+1-617-874-1011 (US)
+61-7-5641-0117 (AU)
+44-117-230-1145 (UK)
Live Chat

7022DATSCI Big Data Analysis

Master of Sensors Data and Management
Big Data Analysis


  • You should work on the mini-projects in groups of up to 5 students.
  • Use electronic communication for organising your group work. Support wil be provided online via
  • Together with your group, prepare a Powerpoint presentation of your project with 10 minutes recorded audio. All group members will receive the same mark for the presentation.
  • In addition, everyone should hand in a one-page summary of the project.
  • In the week after the deadline (week commencing Monday, 27th April 2020) each group should meet with me via videoconference and explain the code that they have produced for the project (“code walkthrough”). Each student will receive an individual mark for the code demonstration.

Project: Big Data Analysis

The aim of the Big Data Analysis project is to apply a machine learning method in a practical setting. In each of the following projects you are asked to...

  1. Work on a practical machine learning project.
  2. Present your work in a presentation.

You will work on your projects in groups of 3-5 students. The following list contains suggestions for project topics. Additional topics might become available and you can also suggest alternative topics:

  • “3, 6, 8, 9?”—recognising hand-written digits with principal component analysis

Apply principal component analysis for recognising handwritten digits as explained in (Lu, 2017) (but without the pre-processing using Histograms of Oriented Gradients (HOG)) to the MNIST data set. http://yann.lecun.com/exdb/mnist/

  • Googling food webs—the PageRank of extinction

Implement the variant of the PageRank algorithm described in (Allesina and Pascual, 2009) and reproduce the study for some of the food webs from this article. Note that some of the food webs are available in R by installing the cheddar library.

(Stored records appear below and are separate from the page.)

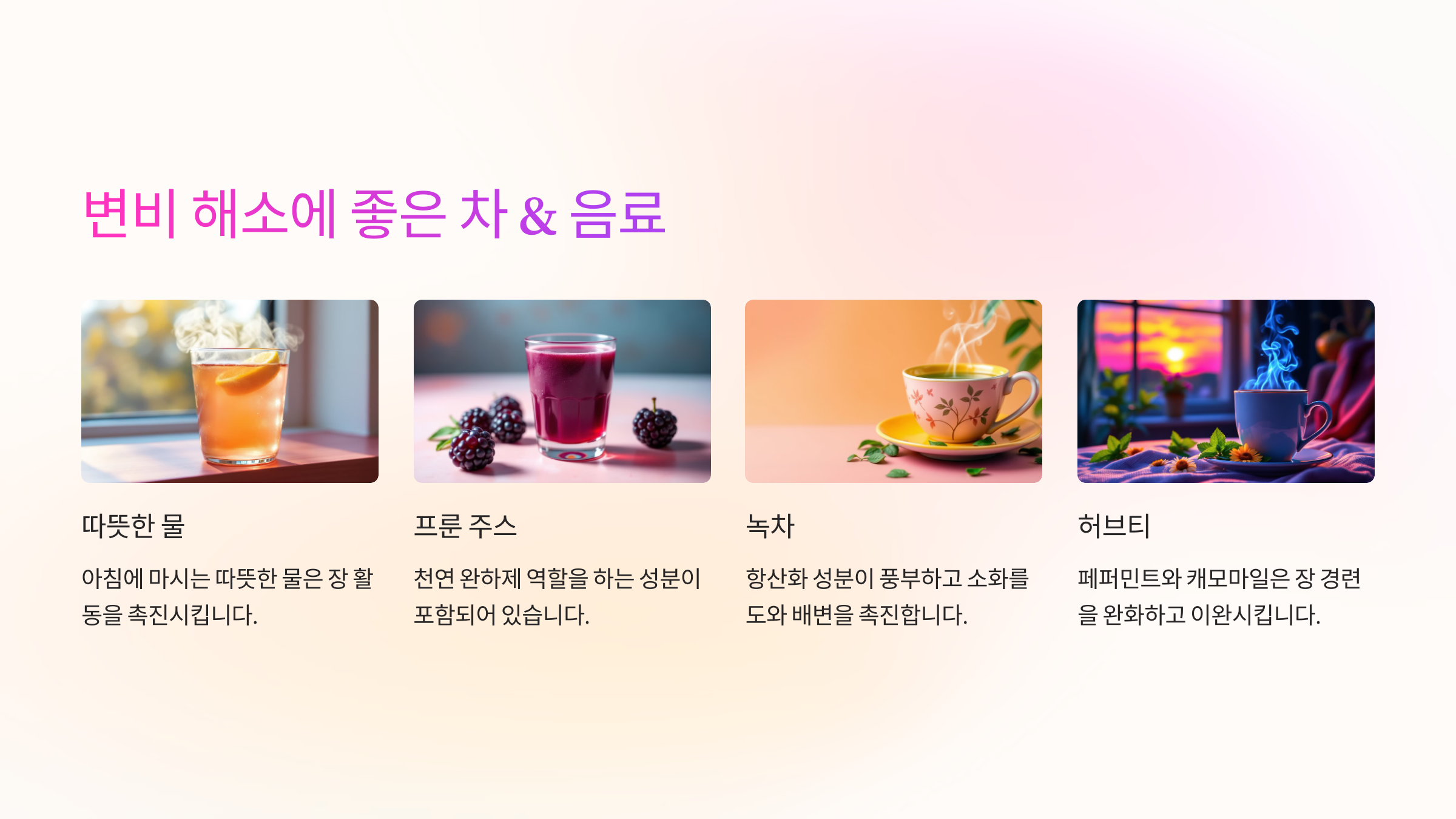 이제 변비 해소에 좋은 차와 음료도 함께 알아볼까요? 🍵
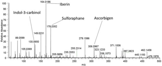 DART-Orbitrap-MS spectrum of an ethylacetate extract of Albatros cv. (integrated production) measured in the positive ionization mode. The identified GSL degradation products are described in Table 5.
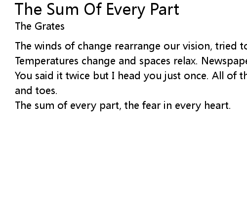 | Song | The Sum Of Every Part |

  • MCMC for code cracking

A highly original application of Markov chain Monte Carlo (MCMC) was presented by (Diaconis, 2009) and extended by (Chen and Rosenthal, 2012). Implement and test the approach by reproducing the example described in (Diaconis, 2009).


Allesina, S., Pascual, M., 09 2009. Googling food webs: Can an eigenvector measure species’ importance for coextinctions? PLOS Computational Biology 5 (9), 1–6.

URL https://doi.org/10.1371/journal.pcbi.1000494

Chen, J., Rosenthal, J., 2012. Decrypting classical cipher text using Markov chain Monte Carlo. Statistics and Computing 22, 397–413.

URL https://doi.org/10.1007/s11222-011-9232-5

Diaconis, P., 2009. The Markov Chain Monte Carlo Revolution. Bulletin of the American Mathematical Society 46 (2), 179–205.

Lu, W., 2017. Handwritten digits recognition using PCA of histogram of oriented gradient. In: 2017 IEEE Pacific Rim Conference on Communications, Computers and Signal Processing (PACRIM). pp. 1–5.

What you should hand in

  1. Each group: A Powerpoint presentation with 10 minutes recorded audio (25%).
  2. Every student: A one-page summary of your mini-project (25%)
  3. Every student: A text file containing your commented source code (50%).

Important! All group members will receive the same mark for the Powerpoint presentation, one-page summary and code demonstration will be marked individually.

Presentation/One-page summary

Partial mark


Brief description of your application

Motivation: Which challenge are you going to address?



What are the challenges of implementing the algorithm?

Explain how you implemented the method.



What have you found out about your data set?

Show how your machine learning method addresses the challenge described in the Introduction.



Brief summary of the analysis of the data

Critically reflect how well the challenge described in the Introduction was solved by your machine learning approach.


Formal marks

Visual presentation

Delivery of the talk

Time keeping




Source code (submitted to Canvas and demonstration)

Partial mark

Completeness of the implementation




Clarity of the code


Quality of Comments




Improve Your Grades with Custom Writing Help
Homework Help
Writing Help
Editing Services
Plagiarism check
Proofreading services
Research Project help
Custom writing services
E learning blogs

Disclaimer : The study tools and academic assistance/guidance through online tutoring sessions provided by AssignmentHelp.Net is to help and enable students to compete academically. The website does not provide ghostwriting services and has ZERO TOLERANCE towards misuse of the services. In case any user is found misusing our services, the user's account will be immediately terminated.